It’s also important to note that the CISO and CPO need to be aware of subcontractors and providers that might potentially have access or process the data. These officers have to make sure these providers also follow the same protections for the data, both legally and technically.

Follow data protection regulations in all applicable countries

Personal data comes with a lot of potential regulations. In most countries there are laws and considerations that need to be carefully followed depending on what kind of data you do, and how you use it. There might also be more specific regulation regarding more sensitive information. In some countries, health information is treated differently. Information about children also requires stronger protection. Credit card information is usually regulated internationally as well as domestically. And many countries also have different requirements depending on how much information you have about individuals, compared to how many individuals you have data about. In some cases, different laws kick in if you combine two databases, compared to keeping them separate from each other.

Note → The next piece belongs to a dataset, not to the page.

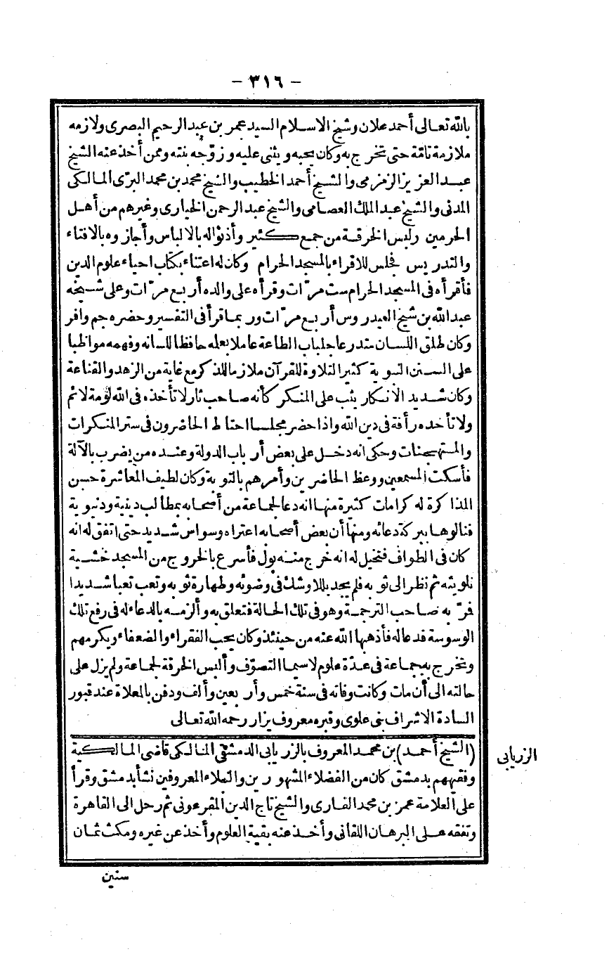 بِاللَّه تَعَالَى أَحْمد عَلان وَشَيخ الاسلام السَّيِّد عمر بن عبد الرَّحِيم الْبَصْرِيّ ولازمه مُلَازمَة تَامَّة حَتَّى تخرج بِهِ وَكَانَ يُحِبهُ ويثني عَلَيْهِ وزوجه بنته وَمِمَّنْ أَخذ عَنهُ الشَّيْخ عبد الْعَزِيز الزمزمي وَالشَّيْخ أَحْمد الْخَطِيب وَالشَّيْخ مُحَمَّد بن مُحَمَّد الْبري الْمَالِكِي الْمدنِي وَالشَّيْخ عبد الْملك العصامي وَالشَّيْخ عبد الرَّحْمَن الخياري وَغَيرهم من أهل الْحَرَمَيْنِ وَلبس الْخِرْقَة من جمع كثير وأذنوا لَهُ بالالباس وأجازوه بالافتاء والتدريس فَجَلَسَ للاقراء بِالْمَسْجِدِ الْحَرَام وَكَانَ لَهُ اعتناء بِكِتَاب احياء عُلُوم الدّين فَأَقْرَأهُ فِي الْمَسْجِد الْحَرَام سِتّ مَرَّات وقرأه على وَالِده أَربع مَرَّات على شَيْخه عبد الله بن شيخ العيدروس أَربع مَرَّات وَرُبمَا قَرَأَ فِي التَّفْسِير وحضره جم وافر وَكَانَ طلق اللِّسَان متدرعاً جِلْبَاب الطَّاعَة عَاملا بِعِلْمِهِ حَافِظًا لِلِسَانِهِ وفهمه مواظباً على السّنَن النَّبَوِيَّة كثير التِّلَاوَة لِلْقُرْآنِ ملازماً للذّكر مَعَ غَايَة من الزّهْد والقناعة وَكَانَ شَدِيد الانكار يثب على الْمُنكر كَأَنَّهُ صَاحب ثأر لَا تَأْخُذهُ فِي الله لومة لائم وَلَا تَأْخُذهُ رأفة فِي دين الله وَإِذا حضر مَجْلِسا احتاط الْحَاضِرُونَ فِي ستر الْمُنْكَرَات والمتهجنات وَحكي أَنه دخل على بعض أَرْبَاب الدولة وَعِنْده من يضْرب بالآلة فأسكت المسمعين وَوعظ الْحَاضِرين وَأمرهمْ بِالتَّوْبَةِ وَكَانَ لطيف المعاشرة حسن المذاكرة لَهُ كرامات كَثِيرَة مِنْهَا أَنه دَعَا لجَماعَة من أَصْحَابه بمطالب دينية ودنيوية فنالوها ببركة دُعَائِهِ وَمِنْهَا أَن بعض أَصْحَابه اعتراه وسواس شديدحتى اتّفق لَهُ أَنه كَانَ فِي الطّواف فتخيل لَهُ أَنه خرج مِنْهُ بَوْل فأسرع بِالْخرُوجِ من الْمَسْجِد خشيَة تلويثه ثمَّ نظر إِلَى ثَوْبه فَلم يجد بللاً وَشك فِي وضوئِهِ وطهارة ثَوْبه وتعب تعباً شَدِيدا فَمر بِهِ صَاحب التَّرْجَمَة وَهُوَ فِي تِلْكَ الْحَالة فتلعق بِهِ وألزمه بِالدُّعَاءِ لَهُ فِي رفع تِلْكَ الوسوسة فَدَعَا لَهُ فأذهبها الله عَنهُ من حِينَئِذٍ وَكَانَ يحب الْفُقَرَاء والضعفاء ويكرمهم وَتخرج بِهِ جمَاعَة فِي عدَّة عُلُوم لَا سِيمَا التصوف وألبس الْخِرْقَة لجَماعَة وَلم يزل على حَالَته إِلَى أَن مَاتَ وَكَانَت وَفَاته فِي سنة خمس وَأَرْبَعين وَألف وَدفن بالمعلاة عِنْد قُبُور السَّادة الْأَشْرَاف بني علوي وقبره مَعْرُوف يزار رَحمَه الله تَعَالَى

Further, to figure out what laws are applicable, you probably need to look at the regulations of the country your organization exists in, but also the country where the data is physically stored. Further, some countries have regulations that cover their citizens no matter what country the data is handled in. And finally, if you’re processing the data in a different country than where it’s stored, you might also have to look at regulations in that country. As an example, say that a Brazilian organization has data stored in servers in Miami. They run processing jobs that are done by a data center in France. The people whose data is processed are from Brazil and Argentina. This implies you might have to ensure you comply with regulations in Brazil, US (and potentially Florida state regulations), France and Argentina. Further, since the European Union passed GDPR, you might have to make sure your data processing is compliant with GDPR as well.

Analyzing these questions usually need to happen pretty early in the process of an organization deciding to manage data. It can be complicated, but not doing it could lead to catastrophic legal risks for your organization.

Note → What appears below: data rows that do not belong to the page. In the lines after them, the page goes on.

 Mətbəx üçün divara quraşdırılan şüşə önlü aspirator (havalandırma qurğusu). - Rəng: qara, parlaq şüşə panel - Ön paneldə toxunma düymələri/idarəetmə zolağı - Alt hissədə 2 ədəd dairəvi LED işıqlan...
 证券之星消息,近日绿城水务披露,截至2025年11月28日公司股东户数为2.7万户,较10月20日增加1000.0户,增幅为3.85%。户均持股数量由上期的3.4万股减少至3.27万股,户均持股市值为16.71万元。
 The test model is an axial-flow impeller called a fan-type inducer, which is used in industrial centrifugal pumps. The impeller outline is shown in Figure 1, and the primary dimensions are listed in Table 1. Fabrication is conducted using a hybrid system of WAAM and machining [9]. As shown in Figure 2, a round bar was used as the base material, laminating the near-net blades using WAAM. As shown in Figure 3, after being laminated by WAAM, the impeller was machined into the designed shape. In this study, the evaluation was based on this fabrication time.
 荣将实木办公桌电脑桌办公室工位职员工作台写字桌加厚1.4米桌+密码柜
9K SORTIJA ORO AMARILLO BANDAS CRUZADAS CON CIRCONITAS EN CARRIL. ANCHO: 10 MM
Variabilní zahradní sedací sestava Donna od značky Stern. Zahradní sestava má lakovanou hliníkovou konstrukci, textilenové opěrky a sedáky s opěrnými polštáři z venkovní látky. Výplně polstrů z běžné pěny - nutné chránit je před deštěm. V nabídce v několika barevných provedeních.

Have policies around who has access to data

While technical means can be used to protect the data, it’s also important that your organization is clear about who is supposed to have access to the data. When it comes to personal data in large quantities, having explicit policies about how that data is managed, who can see it and who can not is imperative. The technical decisions about access should come from policies that make clear who is authorized or not.

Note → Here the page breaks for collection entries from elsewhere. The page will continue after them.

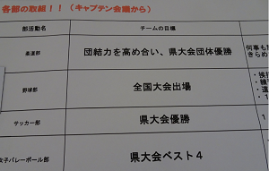 その後、各学級と各部の目標が報告されました。
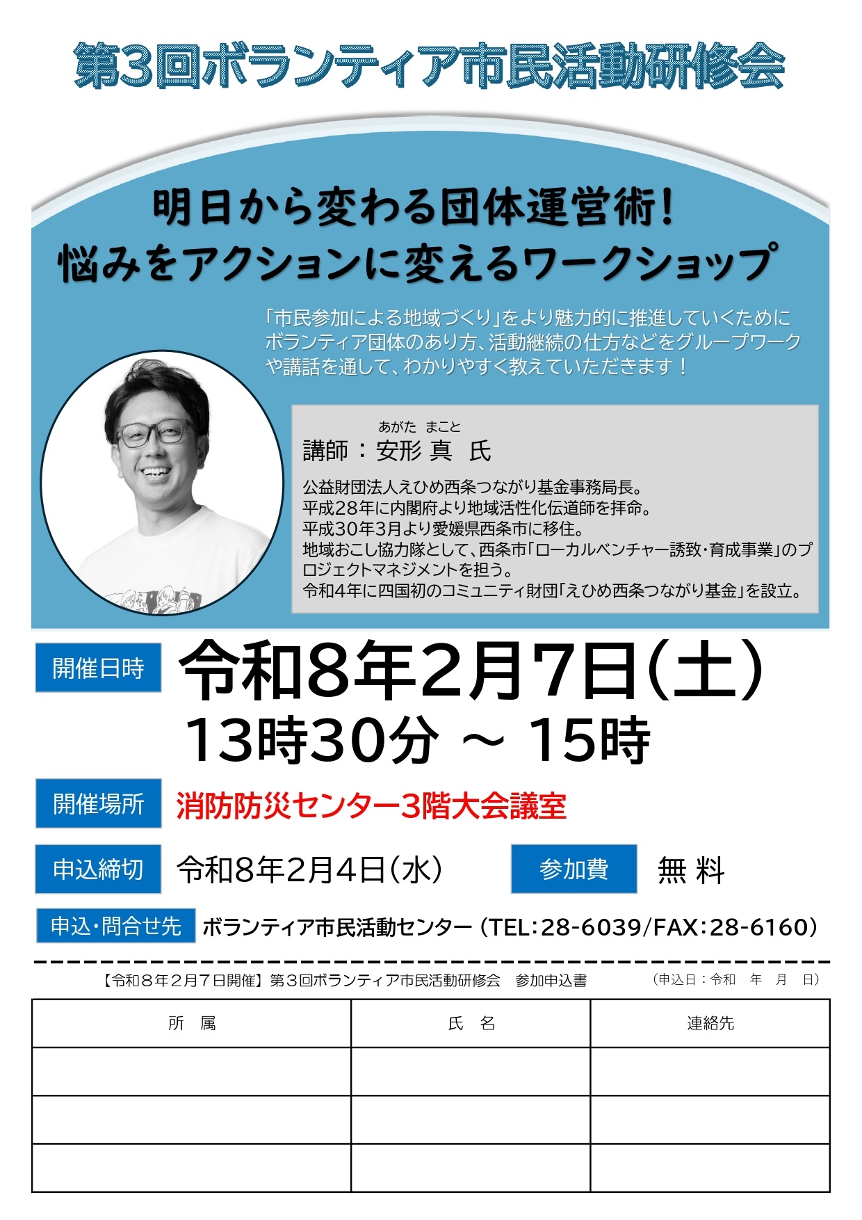 第3回ボランティア市民活動研修会 開催場所変更のお知らせ 2026年01月20日 | ボラセンからのお知らせ 市役所市民交流棟にて開催予定でしたボランティア市民活動研修会の開催場所が消防防災センター3階大会議室に変更になりました。 Tweet
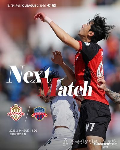 전국신문언론노동조합 강찬희 기자 | 김해FC가 오는 14일 오후 2시 김해종합운동장에서 수원FC(‘수원’)를 상대로 ‘하나은행 K리그2 2026’ 3라운드 홈 경기를 치른다.
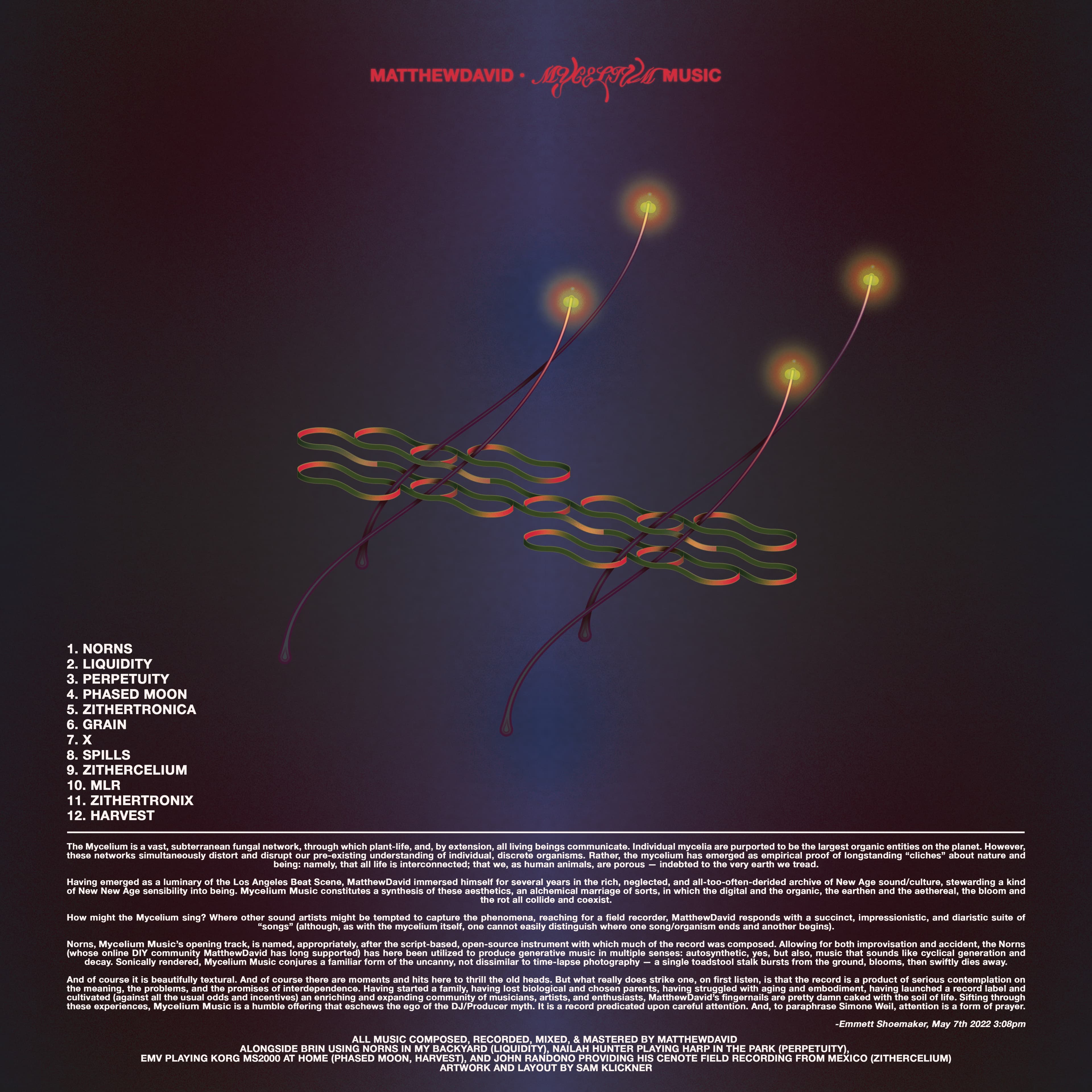Having emerged as a luminary of the Los Angeles Beat Scene, MatthewDavid immersed himself for several years in the rich, neglected, and all-too-often-derided archive of New Age sound/culture, stewarding a kind of New New Age sensibility into being. Mycelium Music constitutes a synthesis of these aesthetics, an alchemical marriage of sorts, in which the digital and the organic, the earthen and the aethereal, the bloom and the rot all collide and coexist.
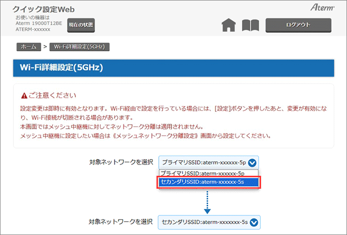 「セカンダリSSID」を選択してください。
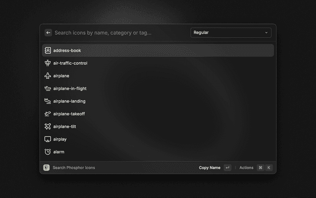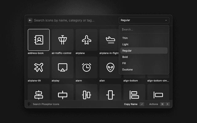 Search, preview and copy Phosphor Icons.

Segment/compartmentalize your data

In order to minimize the risk of data, it can sometimes be a good idea to try to segment it, or split it in different ways. This sometimes has to be done in order to comply with regulations, but it’s also something that can make management easier. You can divide data vertically or horizontally. For example, in the above example, you can keep data about people from Brazil in one service, and data about people from Argentina in another. Or, you can keep basic data about individuals in one place, and then keep more sensitive information such as health data in a different system. That way you can make sure that you only access the more sensitive data when needed. And you can also put in place different policies about access to the different types of data.

Anonymize the data

Sometimes you don’t need to keep all the data in the form you got it. Depending on the reasons why you need the data, it can sometimes be possible to de-personalize it, or even anonymize it by removing anything that identifies individuals uniquely. This can serve as some protection in case of an incident.

However, it’s worth keeping in mind that anonymizing data about individuals is extremely difficult. Researchers have shown that it is often possible to de-anonymize data sets with surprisingly little information in them.

Don’t have the data

The best way to avoid incidents with data leaks or thefts is to not have the data in the first place. Before you start collecting information about individuals, think carefully about why you’re doing it, what purpose storing the data has, whether the potential privacy intrusion is worth it. In many cases, organizations collect significantly more information about individuals than is strictly necessary to perform their task. Sometimes this is done intentionally, since the information can be sold to third parties for significant profit. But other times it’s simply done because no one stopped and thought about it. So, stop and think about it. Do you really need to collect all the information you do? Is there any reason why you need to ask for the gender, or birth date, or ID number when someone is creating an account?

Many times, the answer will be no, and you will have a much lower risk of a potentially catastrophic incident. Remember, the only data that can be leaked is the data that you actually have.

Conclusions

Information can be very valuable, but it is also a liability and a potential threat to your organization. There are many ways of managing this risk, but it needs to be done intentionally. Both technical and policy measures need to be in place. In today’s environment, it is not acceptable for an organization to collect personal data and not have an explicit strategy for how to protect that data. Breaches and leaks happen all the time, and the cost of these are too often paid by innocent individuals and not the organizations in question.

The guidelines in this post are a starting point. Don’t stop here. Be intentional about protecting the data. The fact that your organization is allowed to have this data is based on trust from the rest of society. That trust comes with the expectation that your organization acts responsibly and protects that data, according to the risks and threats that are out there. This is not a high standard - it’s the lowest level you should expect. Treat our data with respect.

Ola Bini, CAD